0.9817	0.8425	0.6045	0.4714	0.3863
0.9345	0.8807	0.6239	0.4831	0.3941
0.9145	0.8992	0.6331	0.4886	0.3978
0.9386	0.8770	0.6221	0.4820	0.3934
0.9772	0.8458	0.6062	0.4724	0.3870
0.9640	0.8560	0.6114	0.4756	0.3891
1.0000	0.8295	0.5978	0.4672	0.3835

The evaluation result of hierarchy I can be obtained by the product of terminal index weight vector in Table 2 and membership matrix in Tables 3–6, respectively. The evaluation result of hierarchy II is the product of the weight of hierarchy II and the evaluation result of hierarchy I, respectively. The evaluation result of hierarchy III uses a similar method.

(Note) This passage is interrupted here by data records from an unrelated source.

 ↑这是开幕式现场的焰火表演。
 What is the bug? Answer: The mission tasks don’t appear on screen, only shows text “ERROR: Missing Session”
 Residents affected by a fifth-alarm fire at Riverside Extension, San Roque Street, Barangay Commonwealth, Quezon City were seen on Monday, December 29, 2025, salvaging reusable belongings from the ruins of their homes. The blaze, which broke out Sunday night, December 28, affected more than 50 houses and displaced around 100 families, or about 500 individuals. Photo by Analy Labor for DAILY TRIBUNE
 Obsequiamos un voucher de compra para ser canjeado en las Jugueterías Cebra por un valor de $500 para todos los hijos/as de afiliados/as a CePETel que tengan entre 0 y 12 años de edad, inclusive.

The final evaluation result of G33 passenger train, the sum of four results of hierarchy III, is (0.919132, 0.856840, 0.608945, 0.472377, 0.385866).

It is obvious that 0.919132 is the biggest among values in the vector. Thus the service quality of G33 passenger train is Very Good.

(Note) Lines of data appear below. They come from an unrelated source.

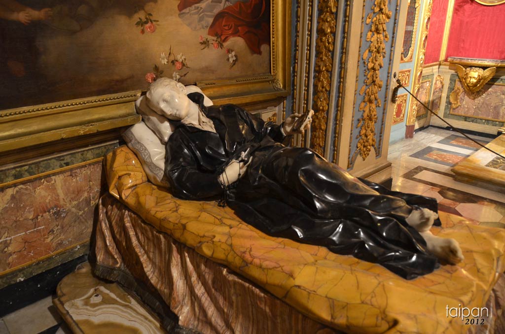 Kościół św. Andrzeja na Kwirynale (Chiesa di Sant'Andrea al Quirinale) przy Via del Quirinale - rzeźba autorstwa Pierre Legrosa przedstawiająca św. Stanisława Kostkę na łożu śmierci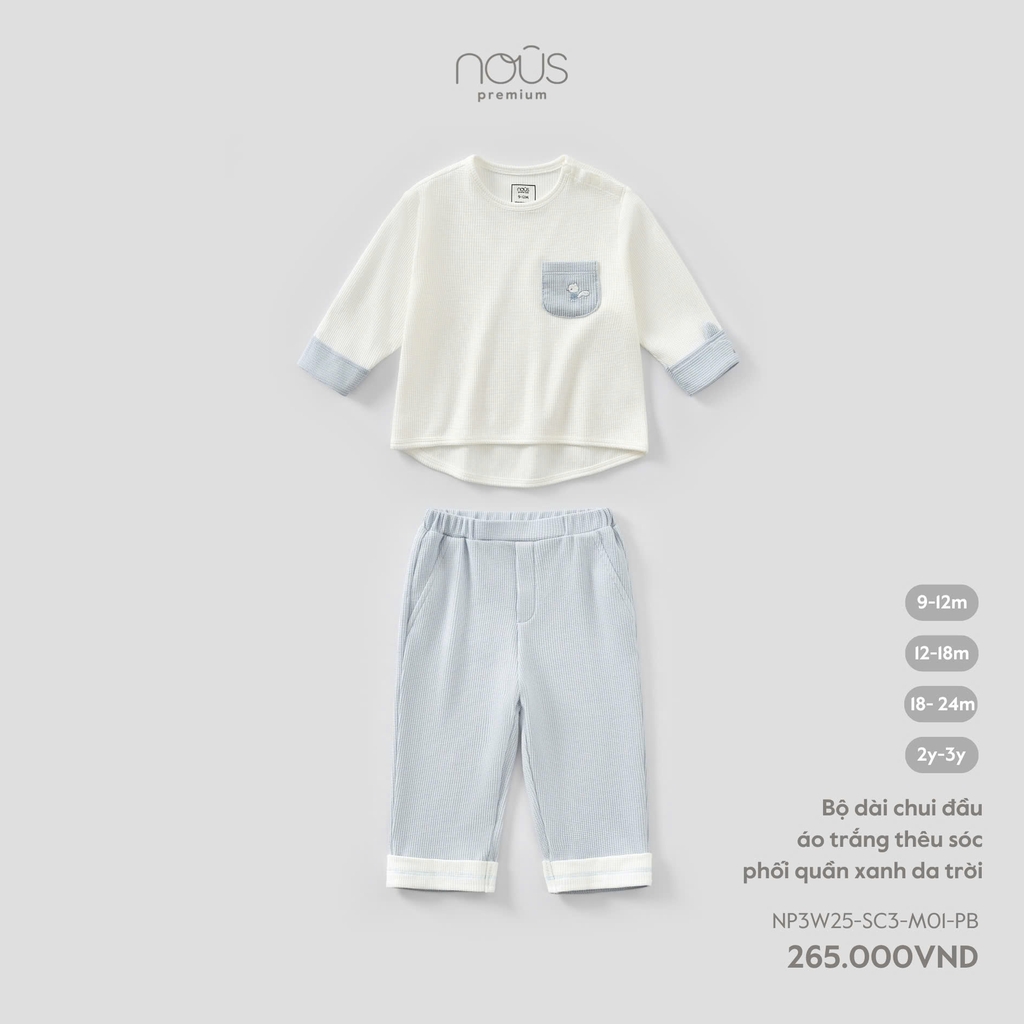 NOUS - Bộ dài chui đầu áo trắng thêu sóc phối quần xanh da trời (12M-3Y)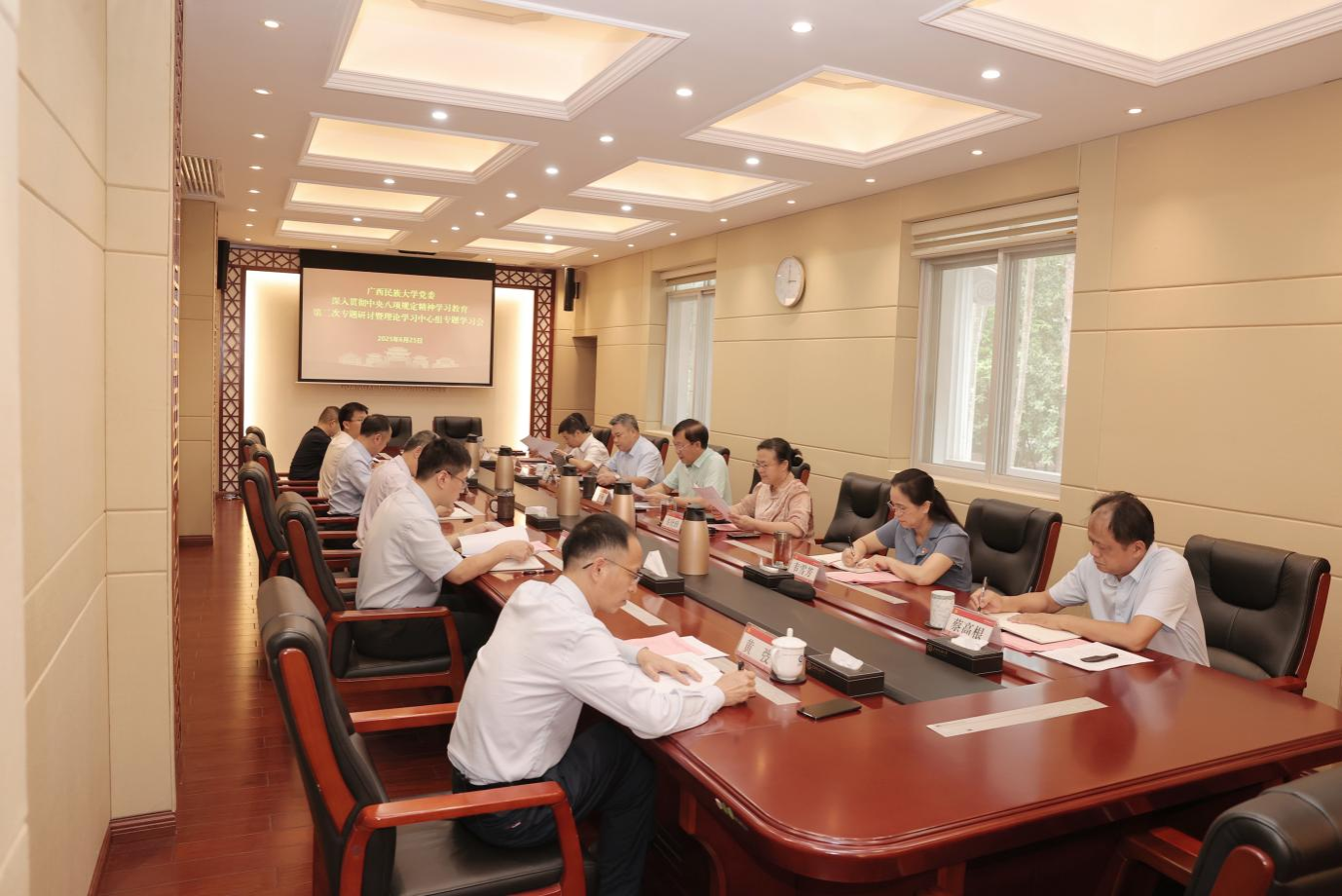 6月25日,广西民族大学党委举行深入贯彻中央八项规定精神学习教育第二次专题研讨暨理论学习中心组专题学习会,校党委书记唐平秋主持会议并讲话。

Security problems are drawing more attention to the high-speed of railway train-set. The security of train (C9) is relevantly low from statistics results of questionnaire. Some indexes need to be improved such as skills of attendants in dealing with emergencies (C17) and various and higher quality food in the dining carriage (C27). Passengers have higher expectations to high-speed railway train-set from basic needs to advanced needs; thus they would only be satisfied in transportation service when all parts of wave service quality are improved.

5. Conclusion

Passengers pay much attention to service quality of various transportation modes when they choose travel mode. Passenger train service is a major part of railway transportation which influences the competition and the market share. This paper proposes an evaluation index system of the passenger train service quality based on passengers’ needs. The evaluation result of service quality of G33 passenger train is calculated by use of the integration method of grey correlation analysis and fuzzy comprehensive judgment. It reveals that the service quality of G33 passenger train is Very Good. This new index system and the integration of GCA and FCJ can evaluate passenger train service quality effectively.

Conflict of Interests

The authors declare that there is no conflict of interests regarding the publication of this paper.